Google Health Connect and other integrations. Where you use Google Health Connect, Google Fit, or another health-data integration, we will only access such data as you authorize and only for the purposes of providing the App. We will not sell Google-sourced health or fitness data, nor use it for advertising or any purpose unrelated to the features you have enabled.
You can revoke any Health Integration at any time in your device settings or in the App.
11. CHILDREN’S PRIVACY
The App is not intended for, and may not be used by, individuals under 18 years of age (or the age of majority in your jurisdiction, if higher). We do not knowingly collect personal data from persons under 18. If you are a parent or guardian and you believe that your child has provided us with personal data, please contact us at
[email protected] so that we can delete that information and, where applicable, disable the account.
California residents under 16 years of age may have additional rights regarding the collection and sale or sharing of their personal information; see Section 12 below.
12. YOUR STATE PRIVACY RIGHTS (UNITED STATES)
State consumer privacy laws may provide their residents with additional rights regarding our use of their personal information.
California. To learn more about California residents’ privacy rights under the CCPA and CPRA, please see our California Privacy Notice available at www.calorietrackeroneleaf.com/ccpa. California’s "Shine the Light" law (Civil Code Section § 1798.83) permits California residents to request certain information regarding our disclosure of personal information to third parties for their direct marketing purposes. To make such a request, please email
[email protected].
Colorado, Connecticut, Virginia, Utah, Texas, Oregon, Montana, Delaware, Iowa, Indiana, Tennessee, New Hampshire, New Jersey, Minnesota, Maryland, Kentucky, Nebraska and similar state comprehensive privacy laws may each provide their state residents with some or all of the following rights:
- confirm whether we process their personal information and access that personal information;
- delete certain personal information;
- correct inaccuracies in their personal information;
- obtain their personal information in a portable format;
- opt out of the sale or sharing of their personal information, of targeted advertising, and of profiling that produces legal or similarly significant effects.
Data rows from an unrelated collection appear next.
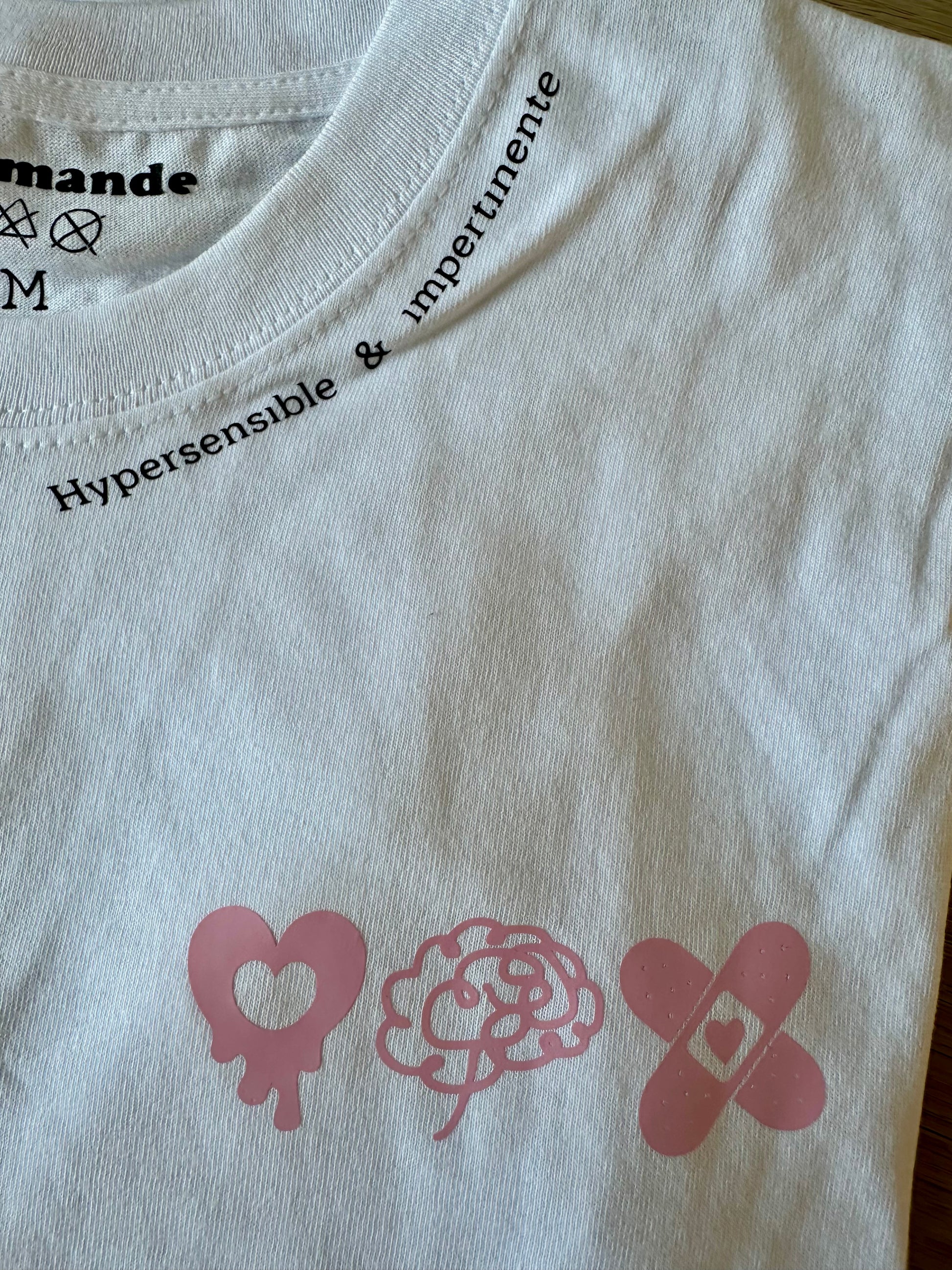 🪄 Pensé entre deux soupirs et trois éclats de rire, ce t-shirt a vu le jour dans mon atelier un peu chaotique mais très sincère. Fait à la main, fait à fleur de peau, et fait pour celles qui osent être elles-mêmes 🩷
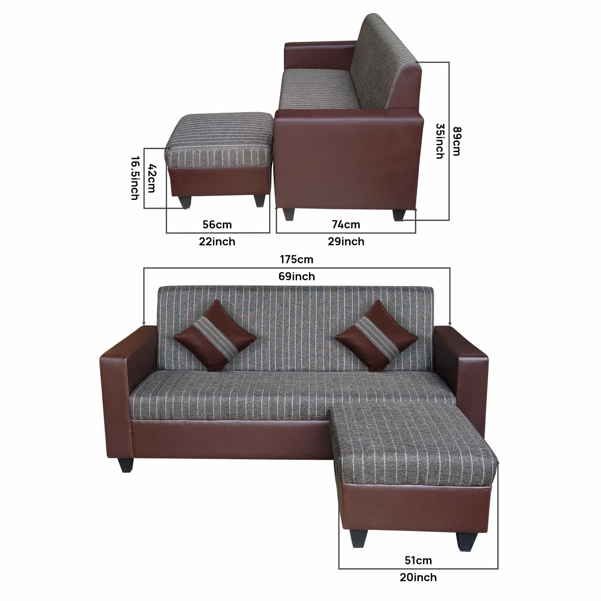 Cornelia Fabric 4 Seater (3 Seater + Ottoman) Sofa - Brown
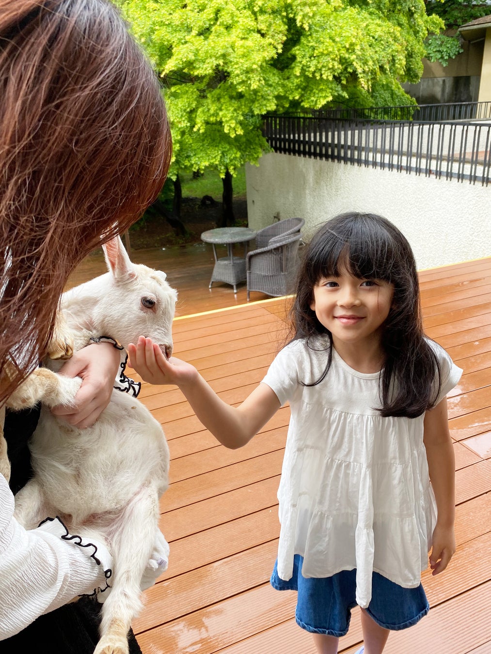 内容: 中庭の芝生広場(雨天時は軒先)でリードを繋いだヤギさんとのお散歩や餌やり体験を無料開催中。お子様だけでなく、大人の方にも大人気のアクティビティです。
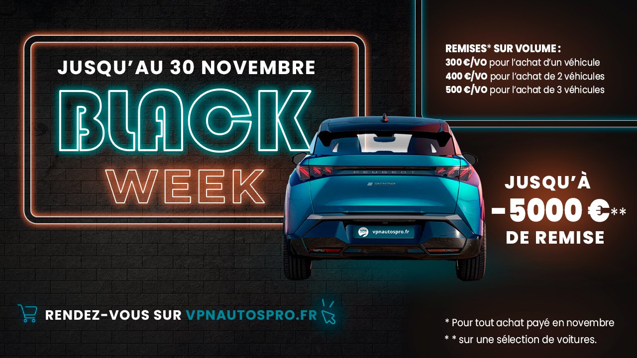Du 22 au 30 novembre, profitez de notre Black Week exclusive avec des remises exceptionnelles et des avantages qui font la différence. C’est le moment idéal pour renouveler ou enrichir votre parc automobile !
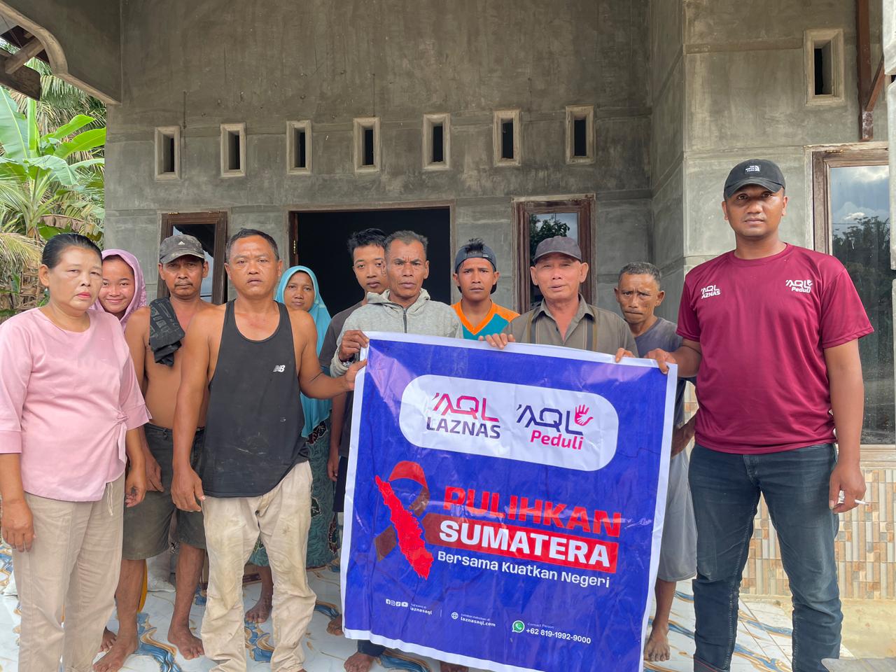 Kualasimpang. RU – Kedatangan Laznas AQL Peduli mensuplai Logistik kebutuhan pangan, pakaian baru dan pakaian layak pakai serta obat-obatan disambut dengan suka cita oleh puluhan warga korban terdampak langsung bencana banjir di Dusun Sumber Rejo, Desa Sumber Makmur Kecamatan Tenggulun Kabupaten Aceh Tamiang, Sabtu (20/12/2025).

Certain of these states require that we obtain your opt-in consent before we share your personal information with third parties for marketing, sales or solicitation purposes, or before we process sensitive data (which typically includes health data). We rely on your consent for such processing.
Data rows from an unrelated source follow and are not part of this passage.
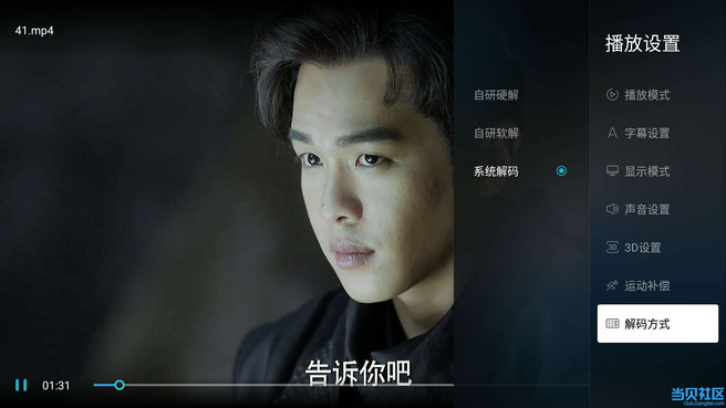 二、本地播放器功能再升级,支持更多格式 对于喜欢下载各种格式视频的用户,2.1.4.0版本有些用户反馈本地播放器功能没有以前强大,现在我们已经对本地播放器进行了优化,支持更多格式视频播放,可以根据您的喜好选择切换三种模式:自研硬解(更加注重性能,但是支持的视频格式较少)、自研软解(更加注重兼容性,可以支持更多音频)、系统解码(支持视频格式较多,且支持音频硬解码,对于接功放的可以选择此项),从此看片更加舒爽了!PS:我们还将持续优化本地播放器,以支持更多的视频,如果有出现视频无法播放的情况,请将视频提供给我们加以分析,谢谢~!
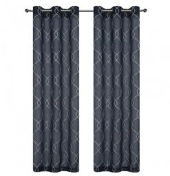 Kate Aurora 2 Piece Anael Embroidered Lattice Matte Sheer Grommet Top Curtain Panels – 84 In. Long
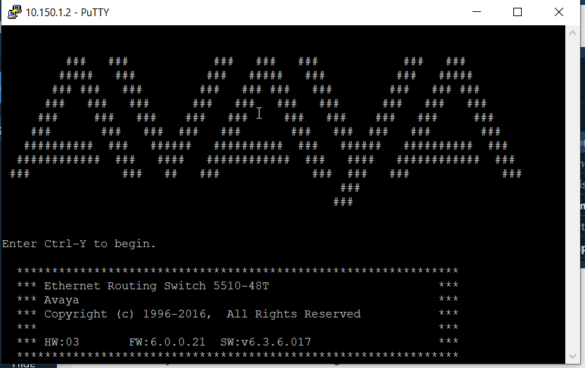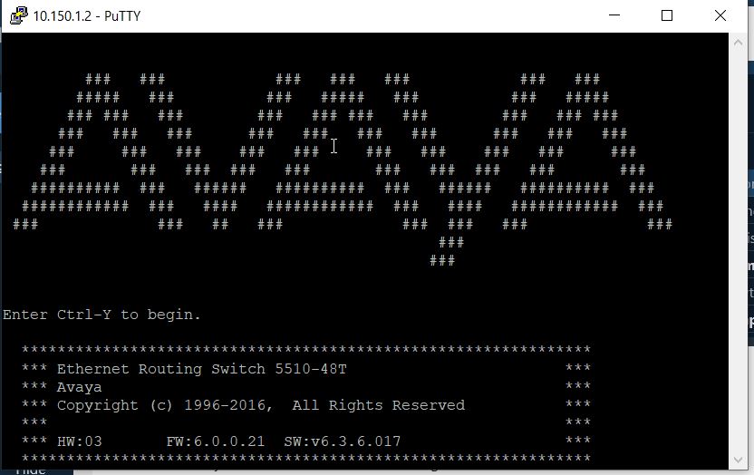 !SYSINFO: sysDescr: Ethernet Routing Switch 5510-48T
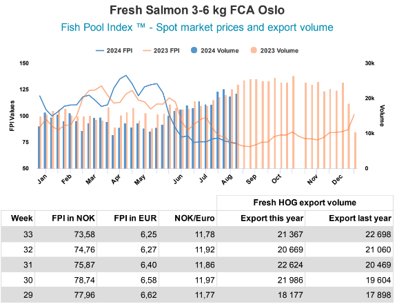 Informe de estado del precio del salmón de Fish Pool para la semana 34

To exercise any of these rights, or to appeal a decision regarding a consumer rights request, please send an email to
[email protected].
Nevada provides its residents with a limited right to opt out of certain sales of covered information. To exercise this right, please contact us at
[email protected].
13. CHANGES TO THIS POLICY
This Privacy Policy may be amended from time to time, in particular to reflect changes in the services provided by the App or in applicable regulations. We recommend that you review this Privacy Policy each time you use the App. If we make material changes to this Privacy Policy, we will make reasonable attempts to notify you, for example by email or through an in-app notification. The "Effective date" at the top of this Privacy Policy indicates when it was last updated.
14. CONTACT
If you have any question regarding this Privacy Policy or the processing of your personal data, you may contact us:
- by email:
[email protected];
- by post: Oneleaf SAS, 7 PL DE L HOTEL DE VILLE, 93600 Aulnay-sous-Bois, France.